No? The words tripped off a flutter of strange panic. Weren’t they done with rejection? She’d looked up at him in those moments of immense pleasure and seen him gazing back at her, expression stark, and she’d felt as though they were attuned. Would he refuse her again tomorrow, then? She felt greedy for him now. The very pores of her skin seemed to be opening in order to inhale him, the scent of him. “But why not?” she asked, and her voice emerged so clumsily, sounding as small and petulant as a child’s.

He pulled away from her, rose from the bed, crossed to the small ledge built into the teak wall. He had ordered another bottle from the porter. As he splashed brandy into a glass, the moonlight caught his face again, outlining the sculptured contours of his mouth. He glanced up at her, as if sensing her inspection, and his eyes caught the light, glittering beneath the heavy fall of his dark hair.

“I can’t do this,” he said quietly. He put down the bottle with a thump and kicked around the chair so its back was to the bed. He fell into it, straddling the seat, one muscular forearm propped atop the back, the brandy glittering in the cold light.

She knocked her nightgown back over her legs. Did up the buttons above her waist. He sat in all apparent comfort, although he was naked from his trousers up. His torso—well, it distracted her briefly. As a boy, he’d been sent down from the Rugby School for beating Reginald Milton bloody—she knew this from Richard, whom his violent intervention had saved, and the twins besides. She knew, too, that he still studied violent arts, but his manner was so casual and his physicality so indolent that one did not imagine him capable of brutality, until one studied the muscled hew of his arms and chest.

“You can do anything,” she said. Her throat tightened; she spoke the next words with difficulty. “But if you don’t want to, that’s another thing.”

He leaned forward, quick as a snake, and caught up the chain around her throat. He let a length of it run through his fingers, setting Richard’s ring swinging over her breast.

Her stomach fell.

“I meant to take that off,” she whispered. She could not believe she’d forgotten.
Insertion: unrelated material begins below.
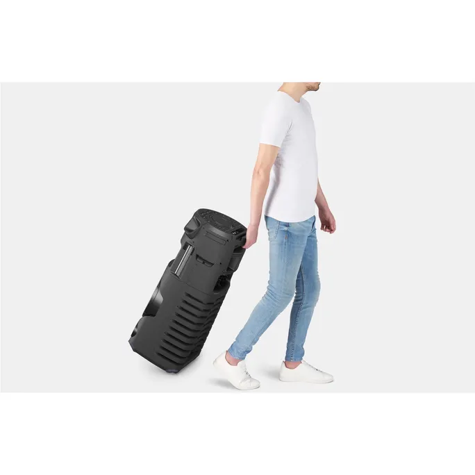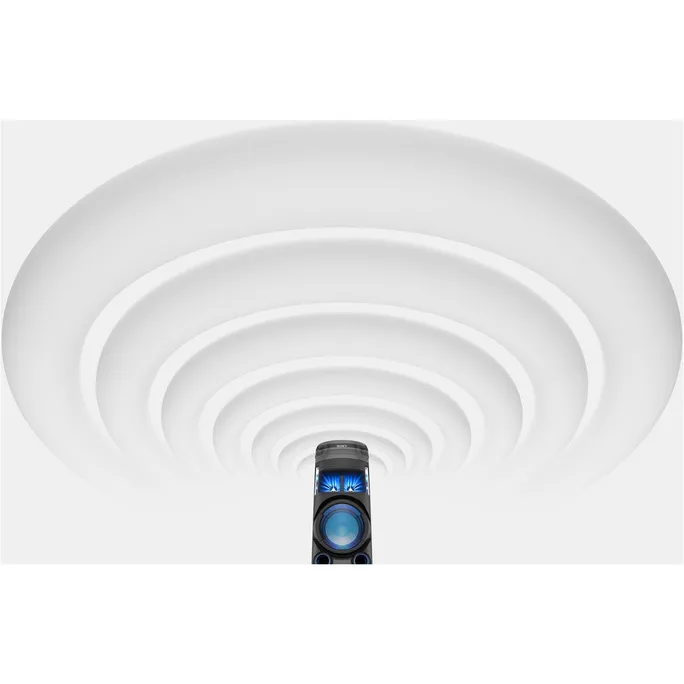 Der leistungsstarke Mitteltonbereich mit Hornmitteltönern an der Vorder- und Rückseite verteilt den Klang klarer mit einem für Mitteltonfrequenzen optimierten Schalldruck. Ob Sie also vor oder hinter dem Gerät stehen, in der Nähe oder weiter weg: Gesang wird immer klar wiedergegeben, damit das Tanzen und Mitsingen Spaß macht.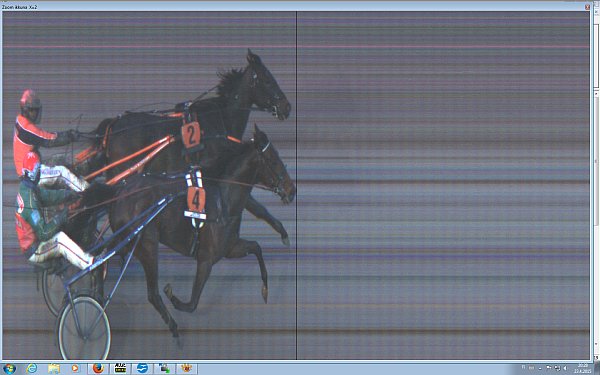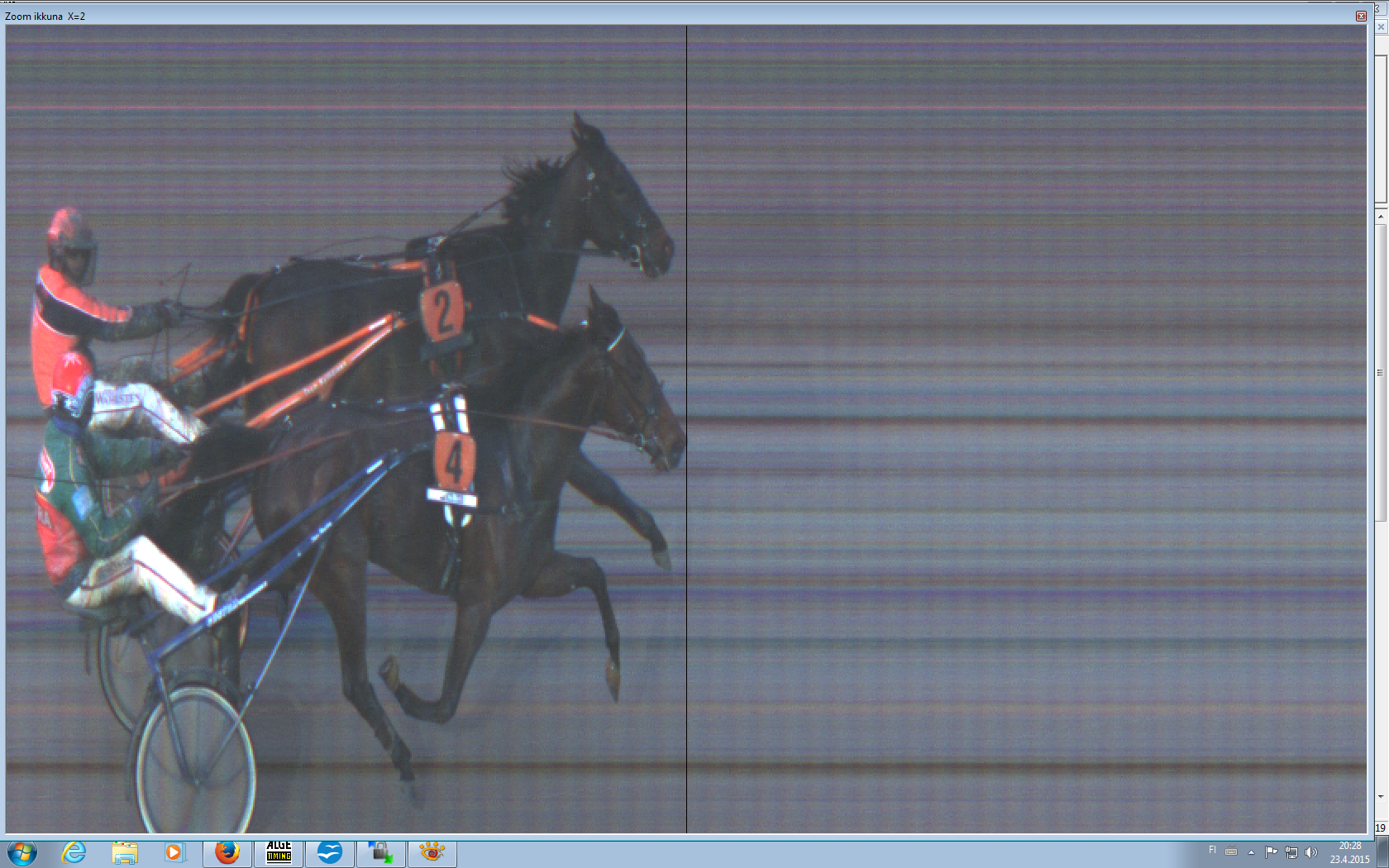 VIEKOVA: Laukkasi lähtösuoralla ja taustalla 2. kurvissa pari kertaa.

“Did you?” He sounded contemplative. “We talked of Richard all night, you know.” He let go of the chain and took a sip of the drink, then added, “But we never talked of what he would have thought about this.”

Cold foreboding stabbed through her—through a body that still felt lethargic, weighted with the remnants of pleasure. The combination dazed her. “Perhaps we did not mention it because my brother is dead. His opinion no longer signifies.”

A caustic note entered his voice. “Of course I am aware of that. Let me be clearer: when I am speaking of Richard now, the person I am really speaking of is you. I begin to wonder at your motives, Gwen.”

She stared at him, utterly confused. “I have been as frank with you about my motives as I know how. I have told you again and again that I’m in search of a different life. Of something . . . something that is—”

“Irrevocable,” he said. “You are in search of a moment, an experience so irrevocable that you will never be able to turn back.”

She pondered this for a moment, looking for traps. But she found none. “Perhaps that’s part of it,” she said. But not all of it. If it had been, then any man would have served for seduction.